Una fine che potremmo definire l’ultimissima esperienza non può essere richiamata alla mente neppure quando si riemerge dallo stato privo di esperienza.
La zoe non ammette l’esperienza della sua propria distruzione: essa viene sperimentata senza una fine, come vita infinita. In questo si discosta da tutte le altre esperienze che si fanno nel bios, nella vita finita. Questa discrepanza della vita come zoe dalla vita come bios può trovare un’espressione religiosa o filosofica. Dalla filosofia e dalla religione ci aspettiamo persino l’annullamento di questa discordanza tra le esperienze del bios e il rifiuto della zoe di ammettere la propria distruzione. La lingua greca si ferma alla semplice distinzione tra zoe e bios. Ma questa distinzione è chiara e presuppone l’esperienza della vita infinita. La religione greca si comporta come sempre: essa mostra statue e immagini nelle quali il segreto si approssima all’uomo.

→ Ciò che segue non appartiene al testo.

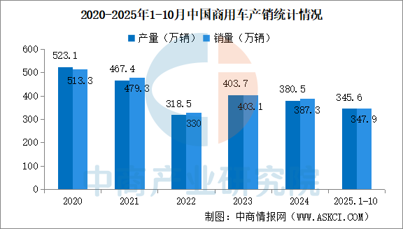 2025年10月,商用車產(chǎn)銷分別完成36.4萬(wàn)輛和36.1萬(wàn)輛,環(huán)比分別下降3.3%和1.9%,同比分別增長(zhǎng)25.4%和21%。2025年1-10月,商用車產(chǎn)銷分別完成345.6萬(wàn)輛和347.9萬(wàn)輛,同比分別增長(zhǎng)10.9%和9%。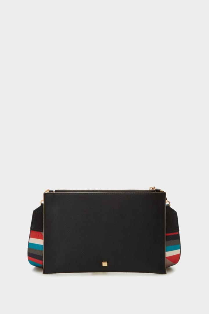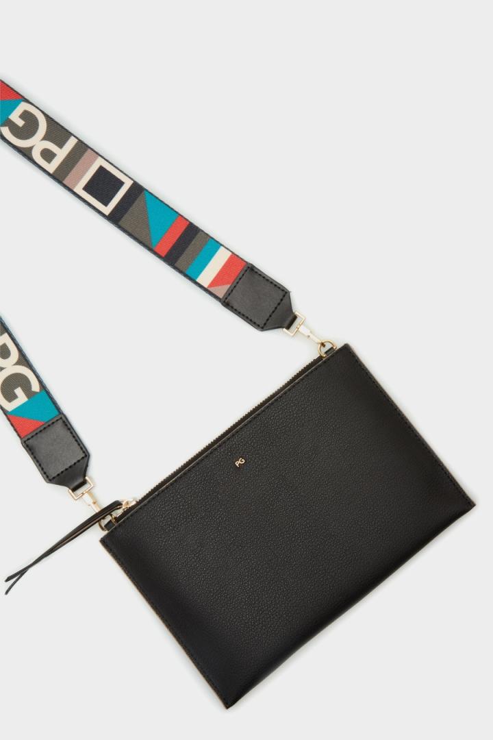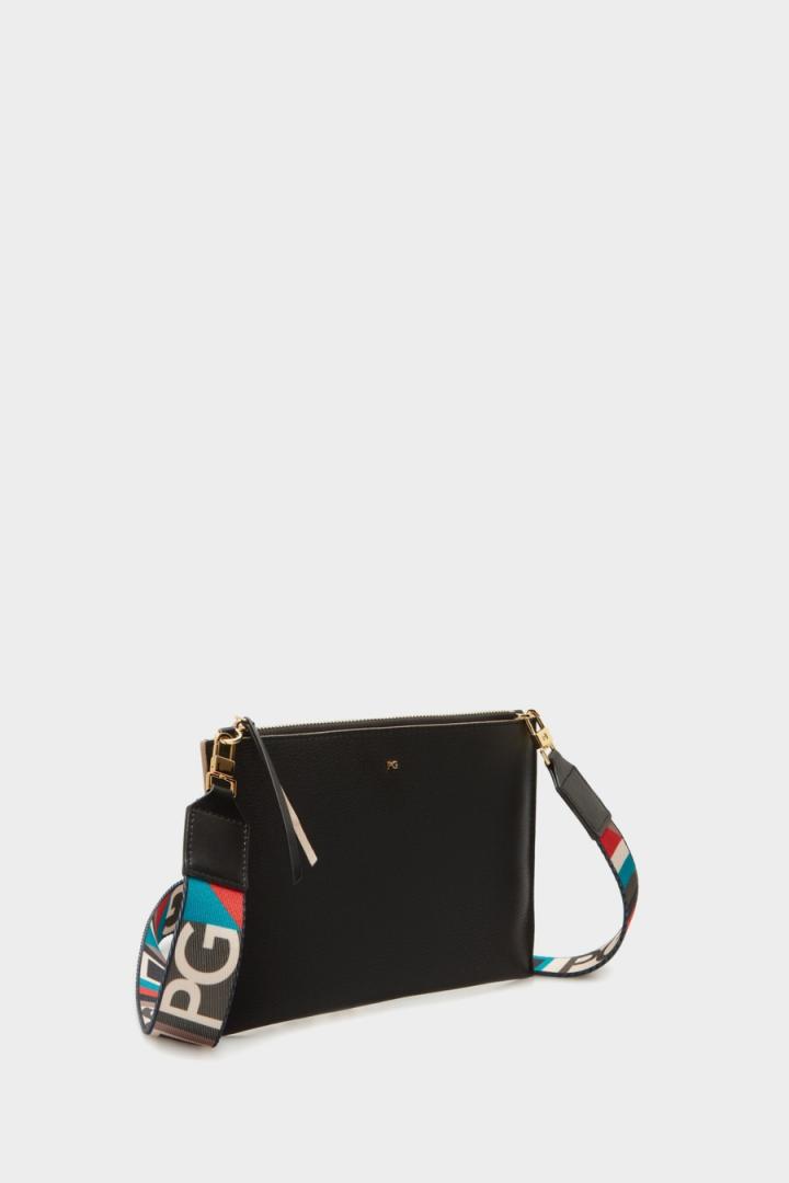 Bolso bandolera en piel con asa bandolera extraíble de grosgrain estampado. Cierre de cremallera e interior en piel a contraste.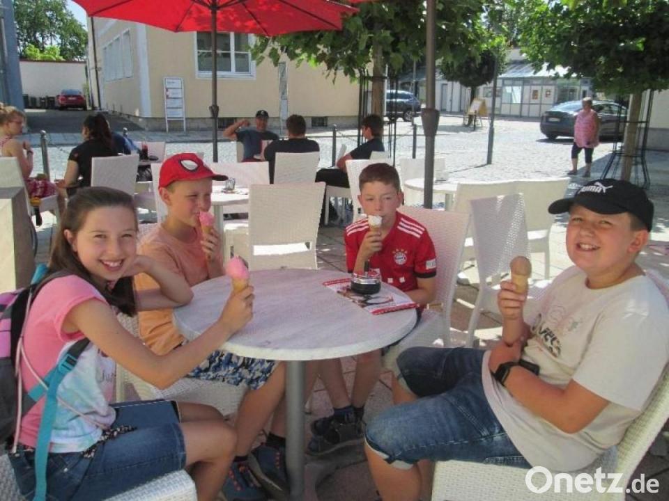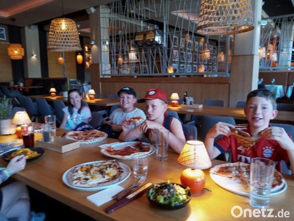 Für die vier ausscheidenden Kinder der betreuten Schülerinnen und Schüler war eine Eisdiele in Kemnath die erste Station. Dann ging es weiter nach Bayreuth zur Pizzeria "Feuer und Flamme". So gestärkt sahen sie sich im Cineplex-Kino den Film "Minions auf der Suche nach dem Mini Boss" an. Natürlich gab es Cola, Popcorn und Nachos.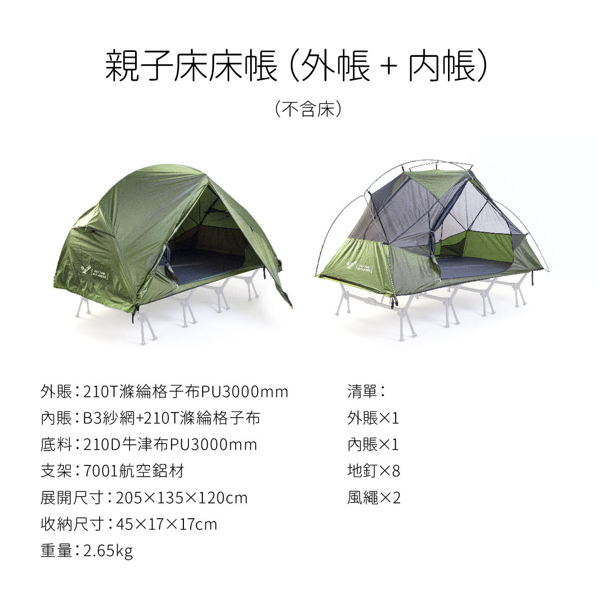 【无界露营】户外露营双人行军床专用帐篷便携野营帐篷(不含床)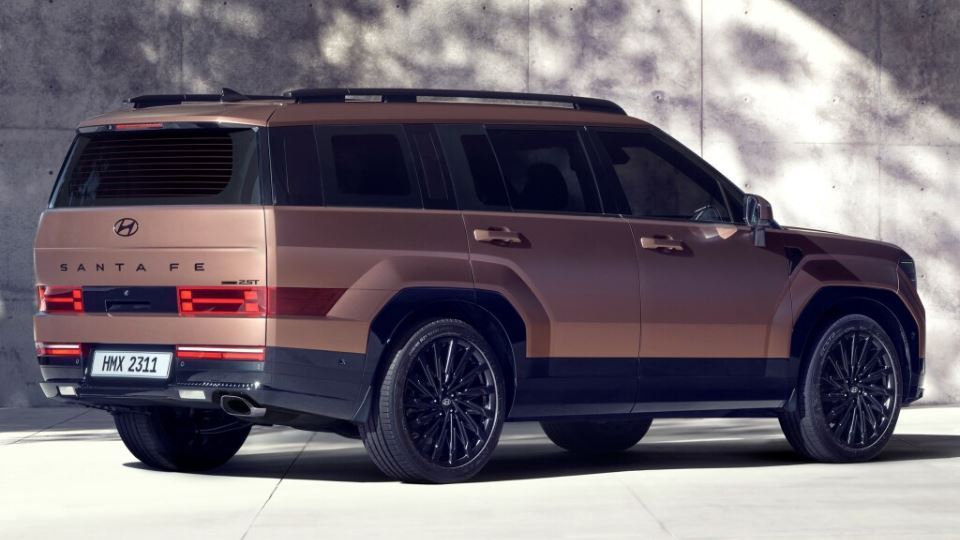 چراغهای بزرگ و باریک عقب، در ارتفاع پایین قرار گرفته و تاحدی از نمونههای متداول امروزی متمایز است. نام Santa Fe هم در بالای چراغها قرار گرفته درحالیکه در صندوق با ابعادی بزرگ طراحی شده است.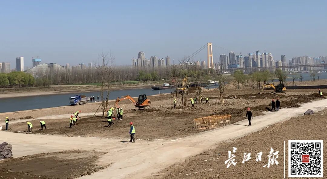 20日,洪山江滩建设现场,机器轰鸣,人机交错。记者王怡人 摄
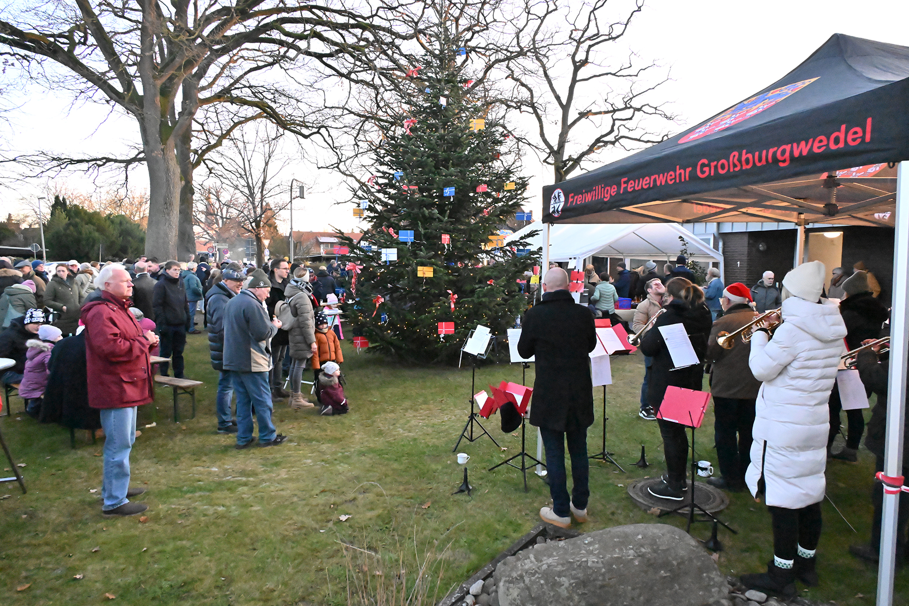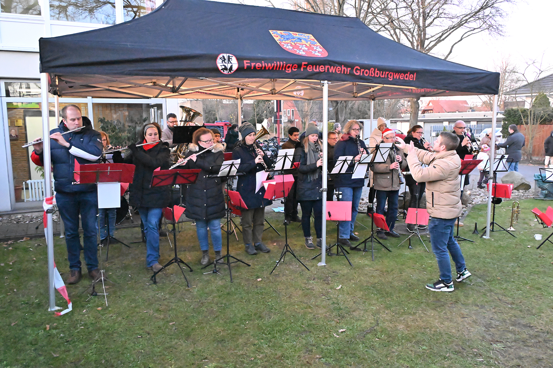 Seit mehr als 15 Jahren ist dieses Ereignis ein fester Bestandteil des Dorflebens und ein Symbol für die enge Verbindung zwischen der Ortsfeuerwehr und den Bewohnern von Großburgwedel. Auch in diesem Jahr gaben die Musiker des Musikzugs, fast vollständig in ihrer 21-köpfigen Besetzung, ihr Können zum Besten. "Wir sind heute mit 19 Musikern aufgetreten – fast in kompletter Stärke", freute sich Musikzugführer Ralf Rothausen. Die Musiker präsentierten in zwei Sets mit je etwa 45 Minuten klassische Weihnachtslieder wie "O du fröhliche", "Jingle Bells" und "Leise rieselt der Schnee", die das Publikum in weihnachtliche Stimmung versetzten.

Elementi che nel linguaggio di ogni giorno, riguardo ad avvenimenti e bisogni quotidiani, risuonano gli uni accanto agli altri e in un modo spesso ambiguo e confuso, giungono come da lontano in un tempo puro – il tempo della festa – e in un luogo puro: sulla scena di avvenimenti che non si svolgono nelle dimensioni dello spazio, bensì in una dimensione propria, una dimensione potenziata dell’uomo, nella quale si attendono e si cercano le apparizioni degli dei.”
12.
La modernità interroga il sum da cui il cogito afferma il proprio fondamento.
Che cosa significa pensare il limes istituito nel rapporto bios/zoe?
Che cosa indica la rimozione nel logos del rapporto dell’uomo agli dei?
Il pensiero concettuale ha coniugato la propria prensione unicamente all’orizzonte dello sguardo del bios?
Da quale luogo la techne promuove il paradigma prometeico dell’umano e della linearità causale del senso?
Unde malum?
13.
Nella piena espressione di Dioniso, l’enigma del mito si riflette all’ombra della ratio; labirinto e agnizione stetoscopica della zoe.